TASK TO COMPLETE | Restate word for word the lines below from the one that has "CHW-SNi1K埋弧焊丝CHF705焊剂" through the one that has "For accessories, calfskin", keeping both and dropping all pictures.

TASK MATERIAL |
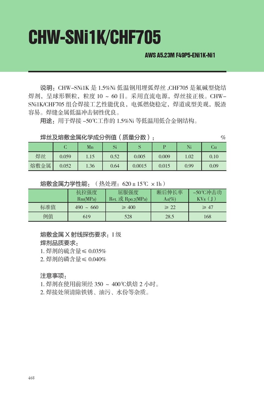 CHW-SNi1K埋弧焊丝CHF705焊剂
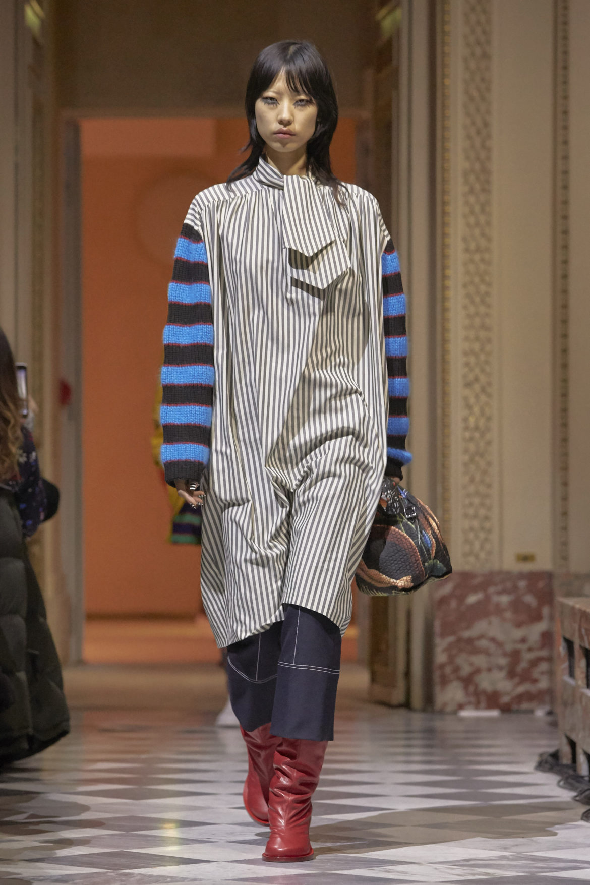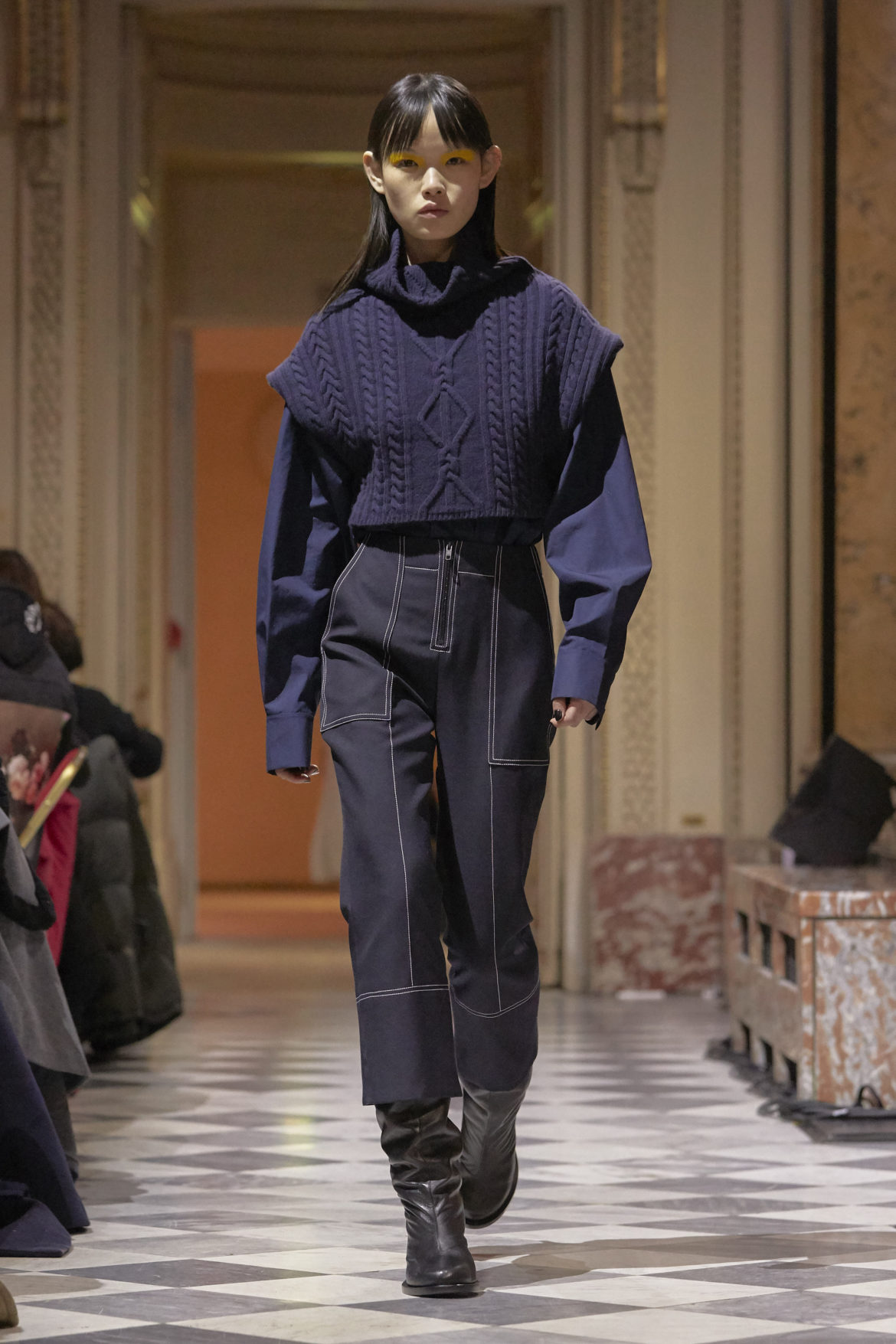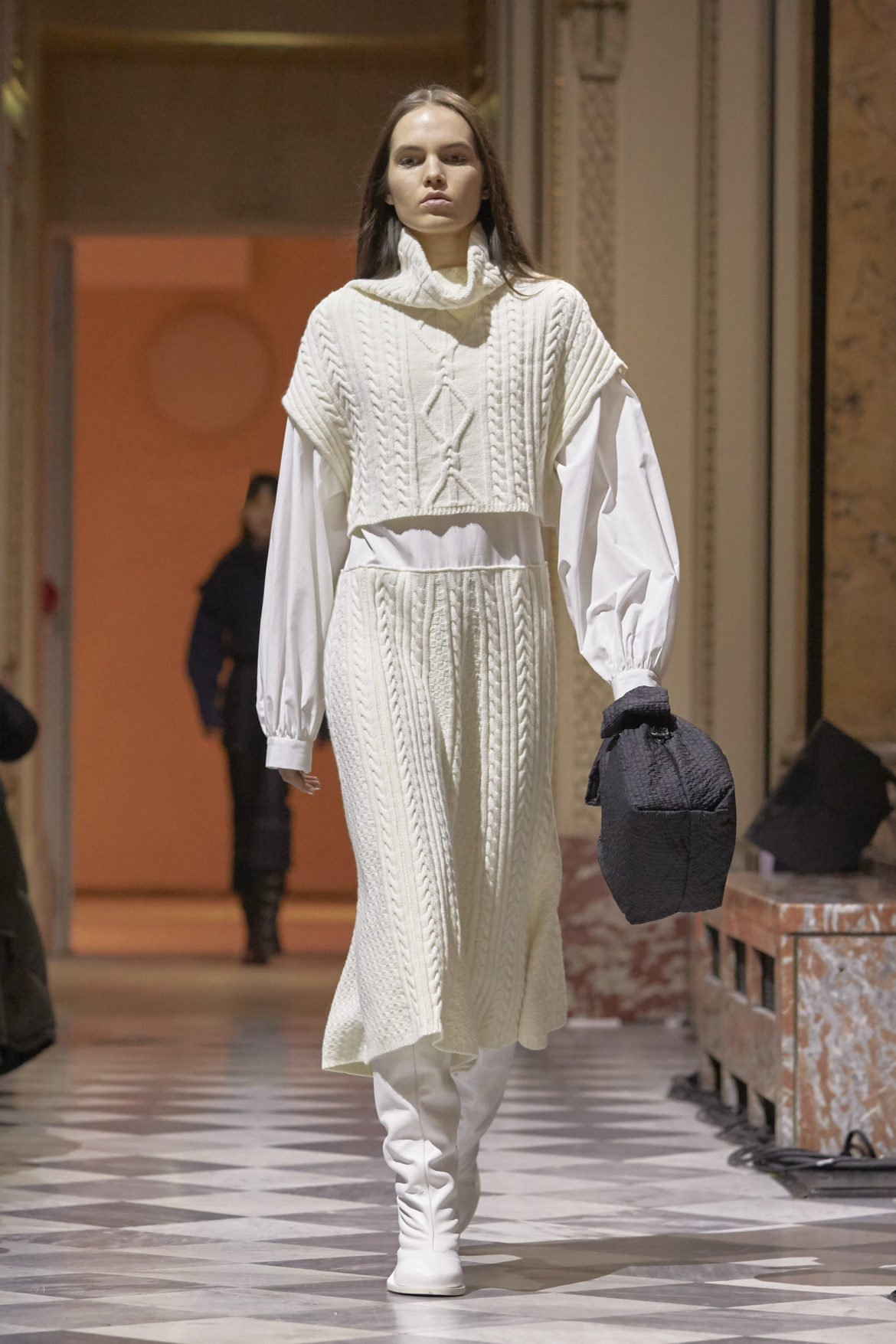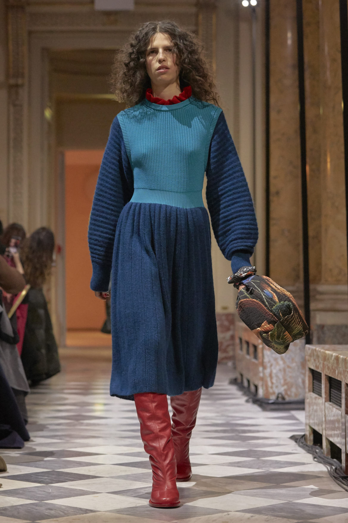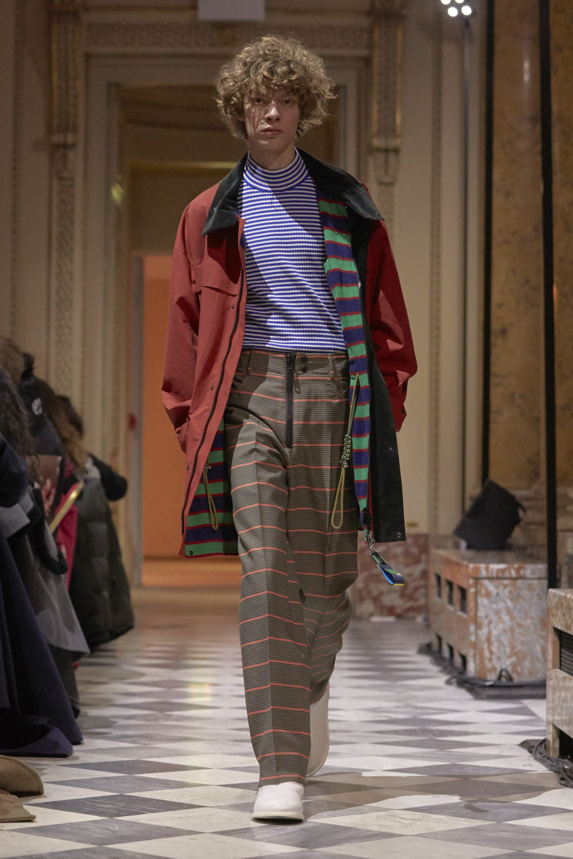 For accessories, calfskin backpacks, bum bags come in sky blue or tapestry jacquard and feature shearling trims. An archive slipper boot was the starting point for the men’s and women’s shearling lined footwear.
...
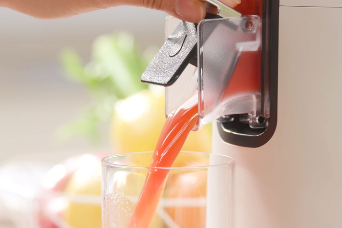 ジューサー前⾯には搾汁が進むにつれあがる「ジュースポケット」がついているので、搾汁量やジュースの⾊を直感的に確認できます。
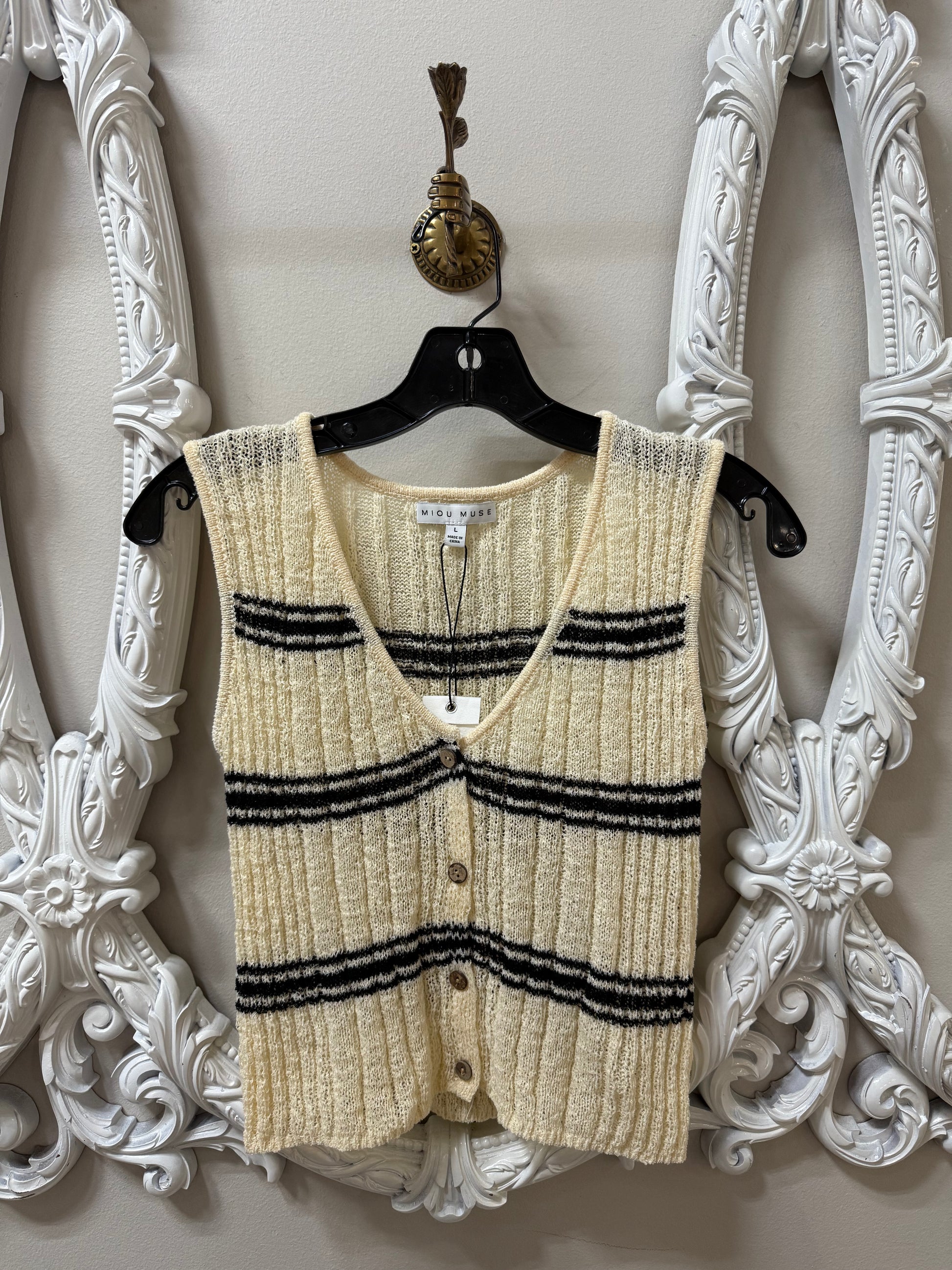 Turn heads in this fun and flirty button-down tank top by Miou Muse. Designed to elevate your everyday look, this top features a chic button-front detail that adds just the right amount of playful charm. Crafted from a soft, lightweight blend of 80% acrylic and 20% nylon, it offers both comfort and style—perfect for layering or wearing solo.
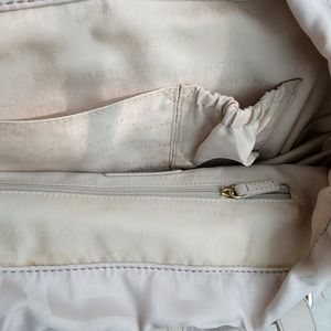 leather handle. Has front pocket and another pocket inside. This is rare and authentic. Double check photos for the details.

RESULT FOR THIS TASK |
 CHW-SNi1K埋弧焊丝CHF705焊剂
 For accessories, calfskin backpacks, bum bags come in sky blue or tapestry jacquard and feature shearling trims. An archive slipper boot was the starting point for the men’s and women’s shearling lined footwear.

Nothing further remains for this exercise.